Tomorrow Sonja will be ten weeks old. At some point, I suppose, we will stop counting weeks and start counting months. If the other ladies at Mommy and Me yoga are any indication, the time is coming soon. It seems like everyone with a baby older than four months refers to her child’s age in months rather than weeks. Likewise, I guess when the baby gets to about two years you stop counting months and start counting years. By your thirties you only really note the passing of decades.

It’s a pretty good indication of how life slowed down when the baby arrived and has gradually, almost imperceptibly, been speeding up. Watching her over the past ten weeks has been like watching a series of time-lapse photographs. She changes so fast; one week she is flailing her arms and blinking blindly at the couch, and a few weeks later she’s looking you in the face, smiling and pulling your finger toward her mouth. It can make me sad: it reminds me of the irresistible pull of time, how none of us will ever again be as young as we are right now.

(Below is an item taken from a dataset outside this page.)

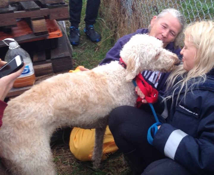 A photo of the dog re-uniting with its owner was posted on a “Lost and Found Pets” Facebook group Friday morning.

But it also reminds me that not all aging is loss. We greet most of Sonja’s changes with joy. A few weeks ago she was struggling many times a day with GI discomfort as she tried to process what she ate. By now, though, her digestive system seems to have matured some, and she rarely thrashes around in gassy discomfort these days. She’s also working on developing a laugh, starting with her open-mouthed smile and experimenting with different kinds of accompanying sound. And on several recent nights she has slept for seven hours IN A ROW.

For those of us who are counting in decades the changes we notice tend to be things like gray hairs, pot bellies (especially those of us whose bellies have been stretched out by babies!), and spotted skin, but that doesn’t mean they’re the only changes we go through as we age. I’ve begun to realize that although my celebrate-able changes aren’t as swift or as close to the surface as Sonja’s, they’re definitely there. For example: I think I have become mellower, gentler, and more confident than I used to be, so that I rarely struggle anymore with the doubts and rages that plagued me at twenty. Thinking about all the developments we have to look forward to, in both Sonja and ourselves, makes the breathtaking speed of time passing a little easier to bear.

Categorized as Ta

1 comment

  1. And along with sagging skin and dysfunctional joints comes the wonder of welcoming a brand new being into the family–full of promise and hope and, most precious of all, JOY!!
    It reminds me that JOY was once the default emotion — and, perhaps, it can be again.